There are some cosmetic issues with the above implementation, such as order-1 “names” being a single letter. While it is tempting to think that such issues can be solved by specifying a minimum length, some sequences of letters (or perhaps even single letters) may only ever be followed by the terminating character ‘\n’. This is why a large training set featuring many letter combinations is often required in order to ensure that as many sequences as possible are followed by something other than ‘\n’. Of course, you can bypass this issue altogether by simply adding a random letter to the end of a terminating sequence for a word that is less than the minimum length, but in doing so you lose out on authenticity.
The easiest way to improve the performance of a Markov name generator is to improve on the algorithm itself.
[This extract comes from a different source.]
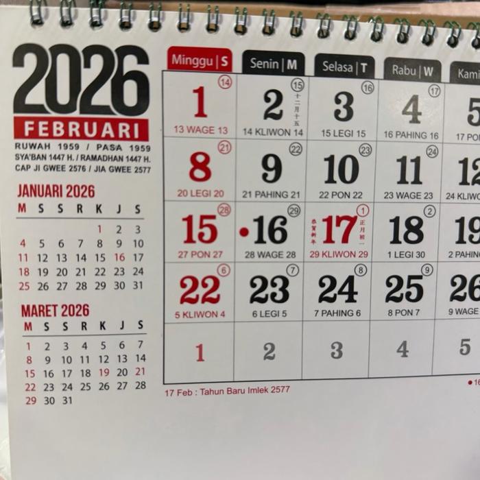 Kalender Meja Angka Besar NS Tahun 2026 Lanscape Potret - KM- ANGKA LANSCAPE NS

So far we’ve just explored a very basic implementation. Indeed, should you play around with donjon’s Markov generator you’ll find that the names are more aesthetically pleasing. In a future post, we’ll explore the more general concept of n-grams (a sequence of words, e.g “That is not dead which can eternal lie”), and some more advanced techniques that can improve on the letter/word selection. These techniques all involve modifying the probability distribution of picking certain letters (given some sequence), and some involve combining multiple orders of sequences.